Я попыталась представить его себе. Вернулся ли он в Эверсли? Интересно, что он сказал, узнав о моем отъезде?
Я стала благодарить Бога за то, что мой отец не дожил до этих событий. Я благодарила Бога за то, что мои дети сейчас в Англии и избежали этого ужаса.
Шум утих, я подошла к окну и выглянула на улицу. Я отчетливо видела, как он пробивается на коне сквозь толпу. Леон Бланшар! Наверное, он едет в мэрию. Видимо, он отдаст распоряжения и прикажет освободить Лизетту.
— Лизетта, — крикнула я, — смотри, это Леон Бланшар!
Она мгновенно оказалась возле меня.
— Он приехал за мной! — воскликнула она. — Леон! Леон! — кричала она, но он не слышал ее и даже не смотрел в сторону окон мэрии.

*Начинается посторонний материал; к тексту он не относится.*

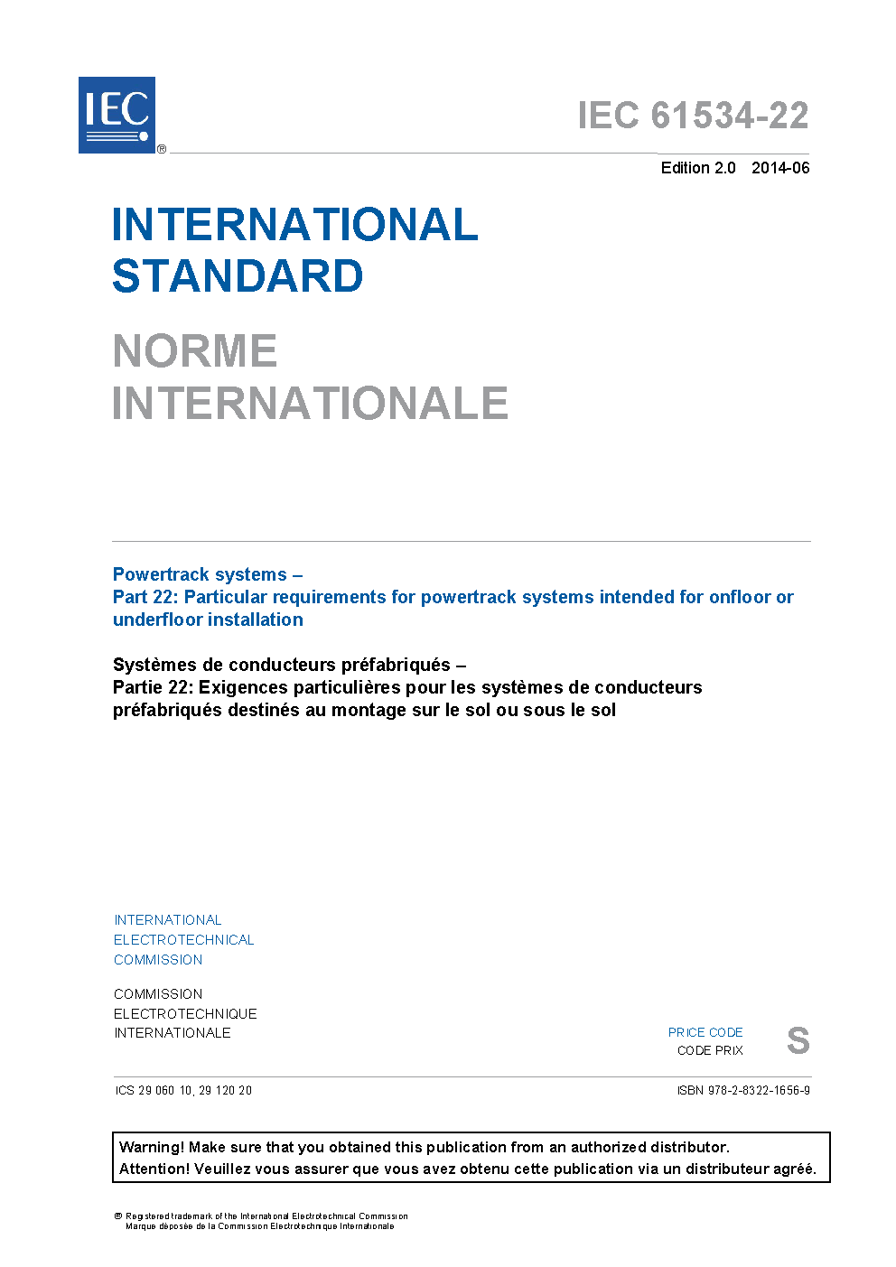 IEC 61534-22:2014 Powertrack systems - Part 22: Particular requirements for powertrack systems intended for onfloor or underfloor installation
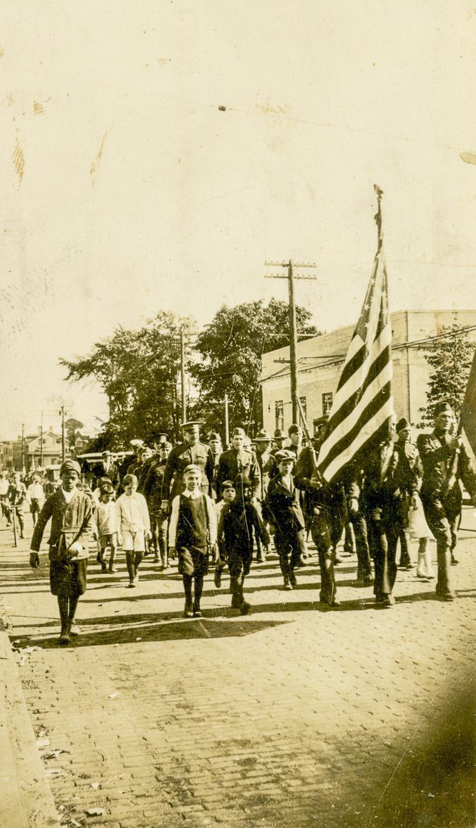 Children marching with soldiers in a parade on Greenwich Avenue in front of the former Post Office building.Collection
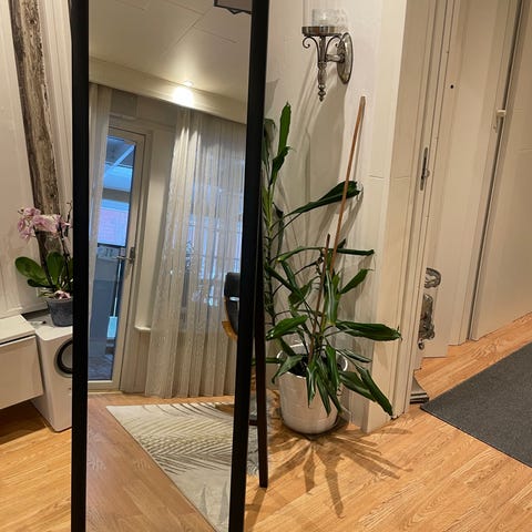 Säljer en golvspegel från IKEA, modell KARMSUND. Dekoration på toppen saknas.
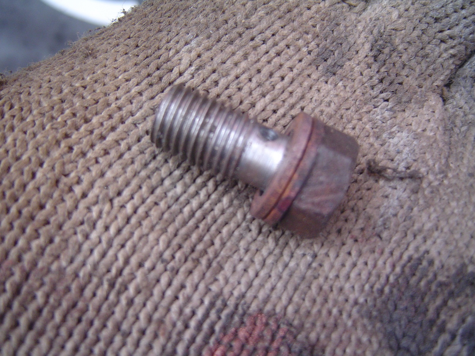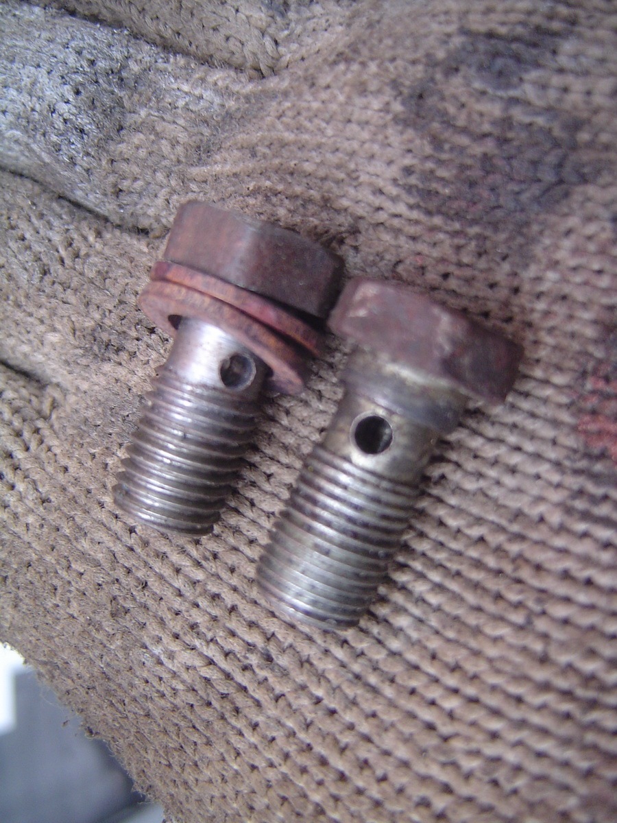 Для подключения заднего шланг с креплением типа "банджо" пришлось изготовить новый крепежный болт по образцу болта переднего суппорта (слева самодельный) — с резьбой как в заднем тройничке
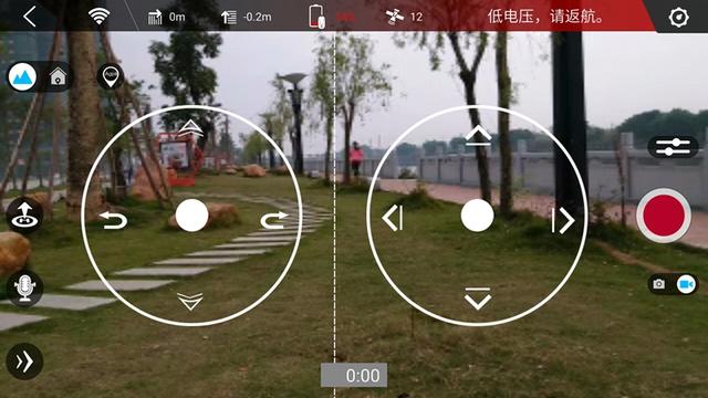 点击起飞和降落都是在一个功能键上,在第一次玩无人机选择的场景当然还是以空旷为主,毕竟刚上手操作起来并不简单,默认的上下左右方向控制为体感,这个感觉非常不适合新手操作,容易因为摆动手机而促使无人机乱串,为了方便我还是选择了摇杆控制,这样比较轻易控制。还有一项功能就是可以用语音方式进行起飞,包括降落也可以通过语音的方式,在功能的覆盖上还是比较的,可玩性很高。
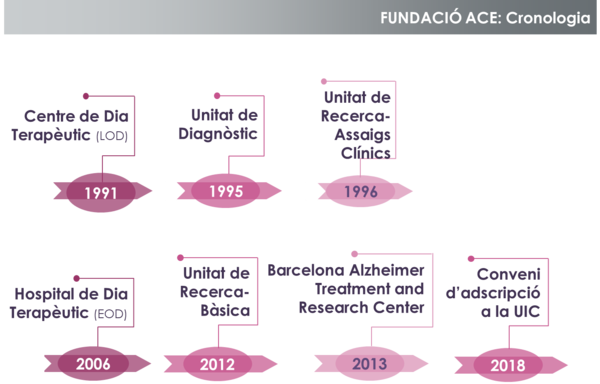 Fundació ACE, constituïda l’any 1995, va ser el primer centre de l’Estat espanyol creat amb l'objectiu de donar resposta a una necessitat social creixent: el tractament i l'educació de les persones que pateixen deteriorament cognitiu i demència, especialment la malaltia d’Alzheimer (MA).
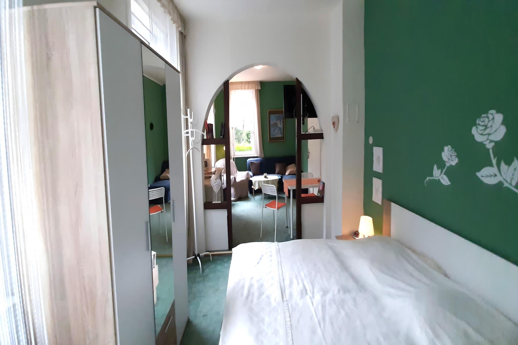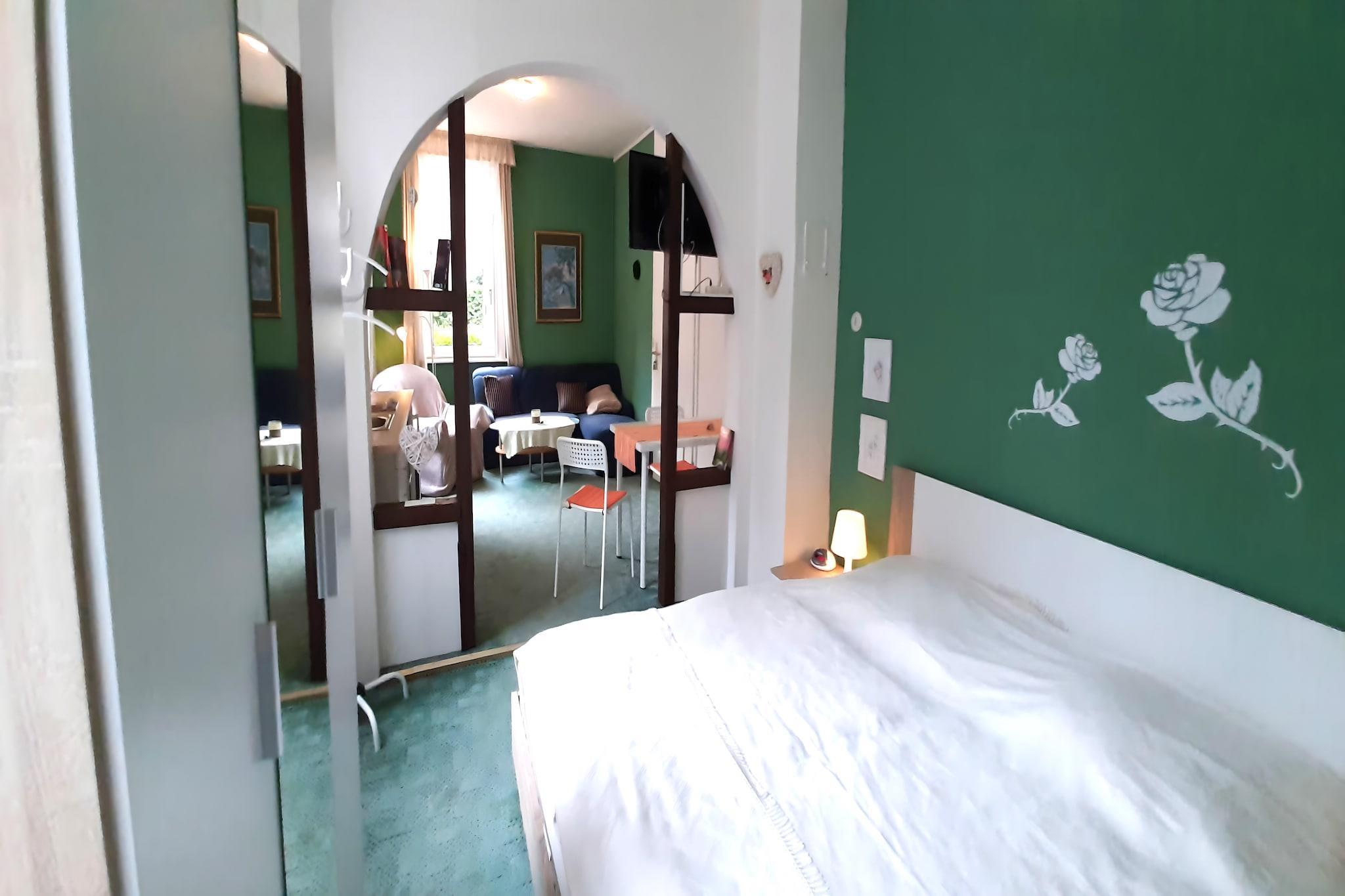 Denne kæledyrsvenlige lejlighed i stueetagen i Wildemann tilbyder et fredeligt tilflugtssted kun 100 meter fra byens centrum og skoven. Ideel for par eller solorejsende, det er en perfekt base for at udforske Harzen-regionens kulturelle og naturlige perler. I nærheden afslører 19-Lachter-Stollen-minen byens minearv, mens det kejserlige palads i Goslar og Gustav Adolfs stavkirke fremviser fantastisk arkitektur og historie. Naturelskere vil nyde naturskønne vandreture til Feigenbaumklippe og Treppenstein. Indvendigt har lejligheden en indbydende stue med spisebord, opholdsområde og kabel-tv. Det åbne køkken er udstyret med kaffemaskine, elkedel, komfur og køleskab - perfekt til at tilberede enkle måltider. Et komfortabelt soveværelse med en dobbeltseng og en-suite badeværelse sikrer privatliv og afslapning. Centralvarme og parkering på stedet tilføjer til bekvemmeligheden, hvilket gør det til en hyggelig helårsferie. Omgivet af skovstier og kun 7 km fra skiløjperne, er beliggenheden ideel til udendørs eventyr. Spisemuligheder i nærheden omfatter det hjertelige Harzer Speisekammer, den indbydende Cafe am Bohlweg Georgiew og den italiensk-inspirerede Piccolo Mondo Hahnenklee.
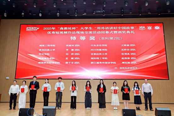 9月21日上午,2025年“高教社杯”大学生“用外语讲好中国故事”优秀短视频作品现场交流活动闭幕式暨颁奖典礼在江汉大学举行。我校外国语学院陈亚琼、龙思睿指导,向易伟、侯雨坤、段素晴、周灿、杨语嫣团队创造的作品《燃不尽的烈焰舞不尽的热爱》斩获全国特等奖。学校首次获此赛项国赛优秀组织单位。
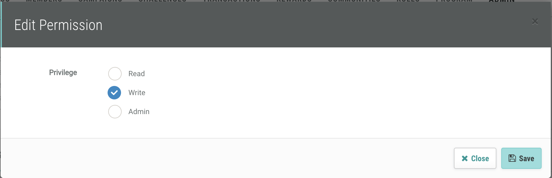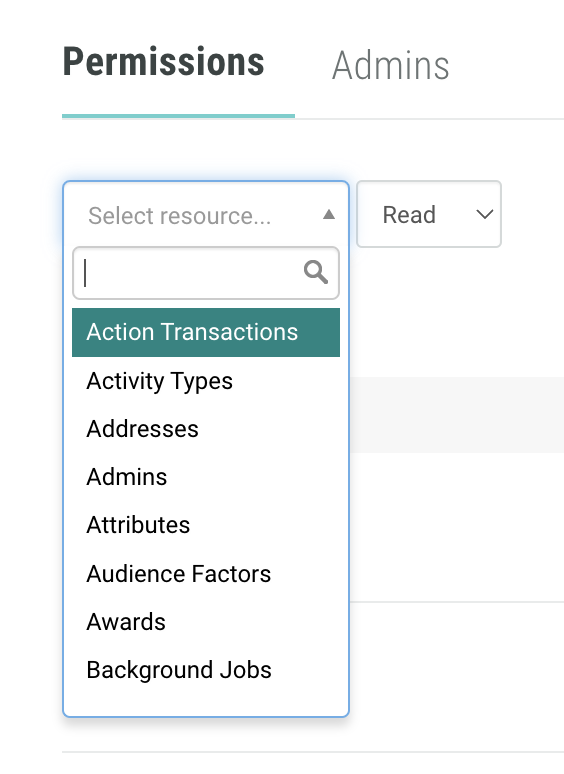 - Click the Read drop down and select Read, Write, or Admin.
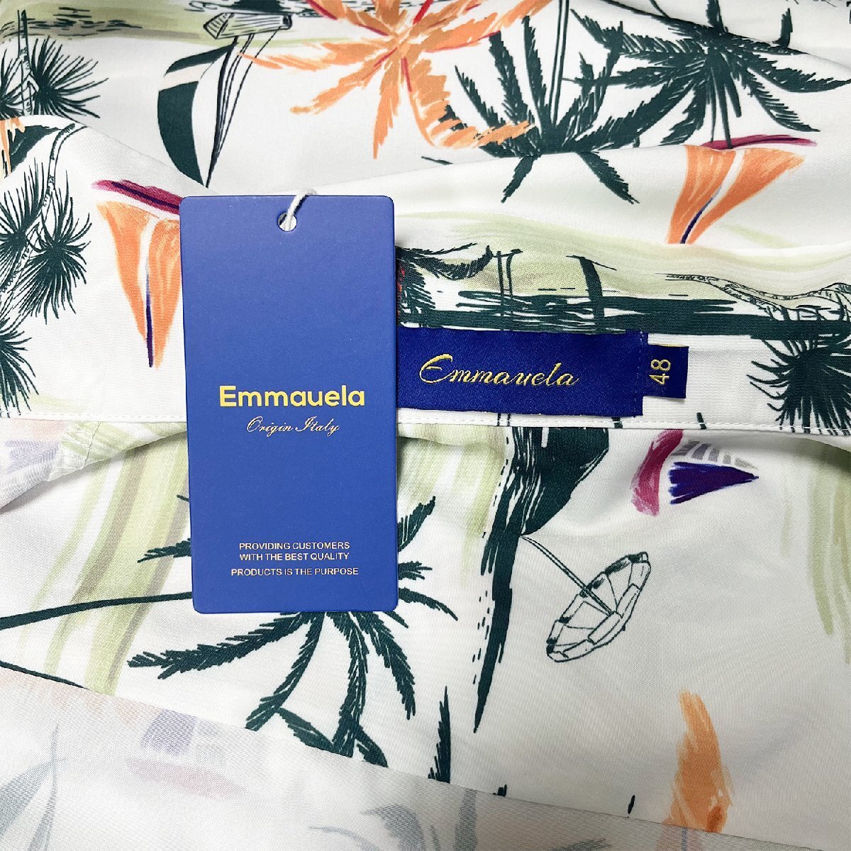 個性・アロハシャツ 定価3万◆Emmauela・イタリア・ミラノ発◆シルク混 速乾 涼しい 総柄 パームツリー柄 開襟 ハワイアン ビーチ L/48

— Я должна спуститься к нему! — быстро проговорила она.
Она подбежала к двери. Дверь была заперта. Она снова бросилась к окну, начала колотить по стеклу кулаками. Я увидела кровь на бархате цвета спелой сливы. Она выбила стекло и вышла на балкон. Я услышала ее отчаянный крик.
— Леон! Леон! Я здесь, Леон! Спаси меня от этого сброда!
Я уже не видела Леона Бланшара. Толпа уставилась на наш балкон. Лизетта прыгнула и исчезла из виду.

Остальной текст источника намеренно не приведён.